To be honest, I don't know what the brown alternator wire is for. I've only done one-wire alternators. Two on SBF's, and now two Coyote's which only need the single red wire from the RF harness and the controls are from the Ford Performance controls pack harness. In all cases, I've removed the brown wire as was suggested to me way back on my first build.

karlos
10-24-2018, 09:30 PM
Brown wire is for the exciter circuit (shown as the green wire below) which isn't needed for a 1-wire alternator. So, yeah, you can eliminate it.

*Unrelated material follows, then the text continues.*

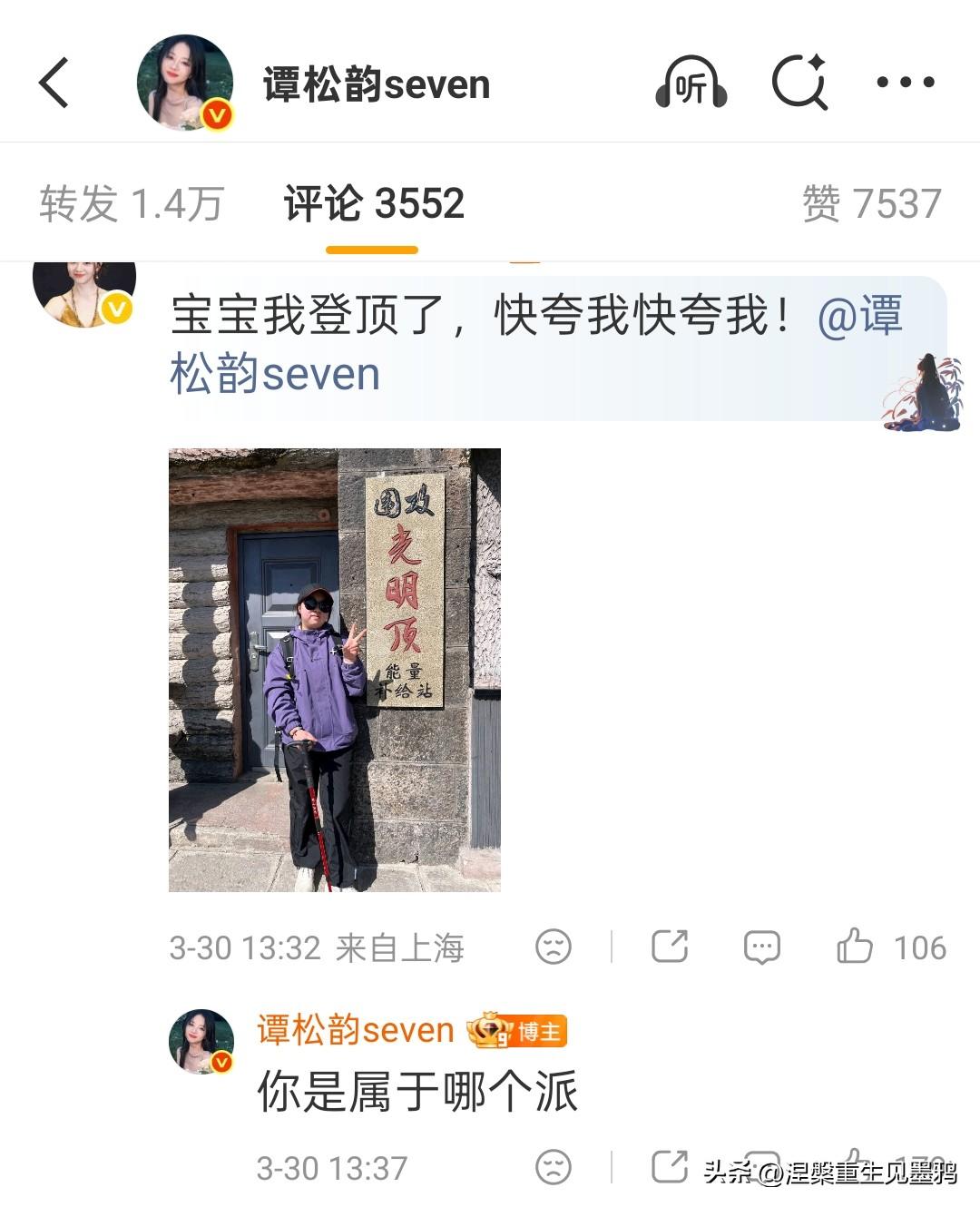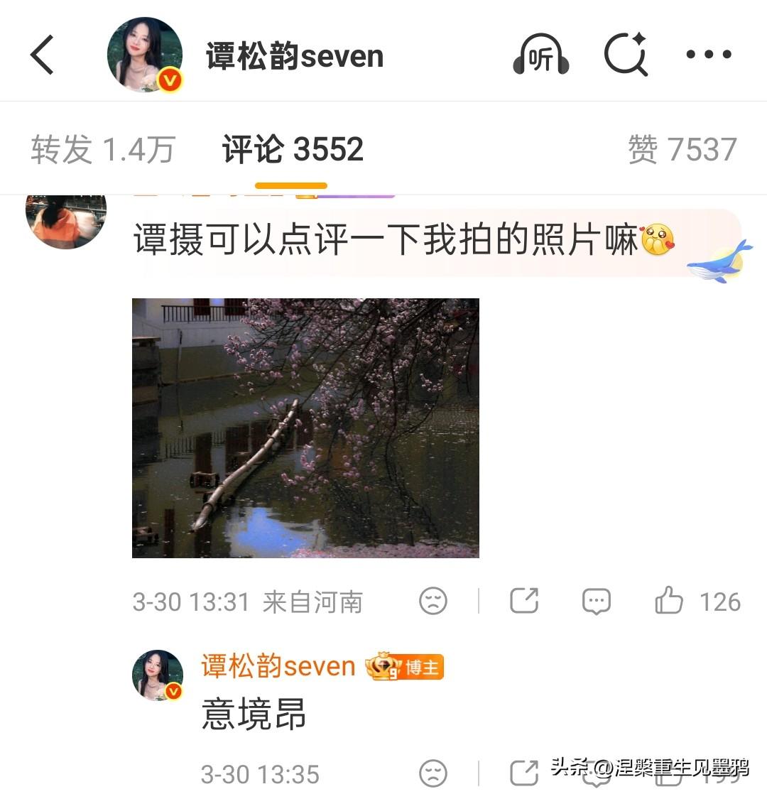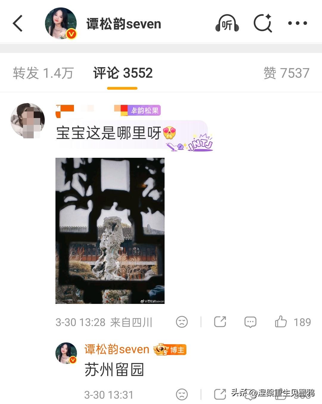 谭松韵新动态与宠粉可爱瞬间 谭松韵在2026年3月30日发布了动态,在发文中充满了生活的小趣味。她用“含谭摄量100%”这样俏皮的文案,搭配一条plog告别三月的话题,分享了自己眼中的春日景致,有古典园林里的奇石、绽放的花枝,还有那碗被她精心“打扮”成可爱模样的米饭,仿佛把三月里的美好都装进了这些照片里,带着一种对生活的热爱和对时光的温柔告别,也让粉丝能透过这些画面,感受到她当下的小确幸。 宠粉里的暖心意 谭松韵的宠粉行为也满是可爱与真诚。她会认真回应粉丝的互动请求,就像粉丝询问照片相关问题时,她会留意并给予反馈;还会发起像

Note that the brown wire also drives the alternator charge light. And that's one of the shortcomings of a 1-wire alternator - no charge light. Since I wasn't confident I would spot a no-charge condition with just the voltage meter on the dash, I installed an LED voltage monitor to provide the same functionality as the charge light. Got it here: http://www.sparkbright.co.uk/battery-voltage-monitors.php

Changes color based on battery voltage and flashes red in the event of a no-charge condition (voltage drops below 12.45 volts). Works great.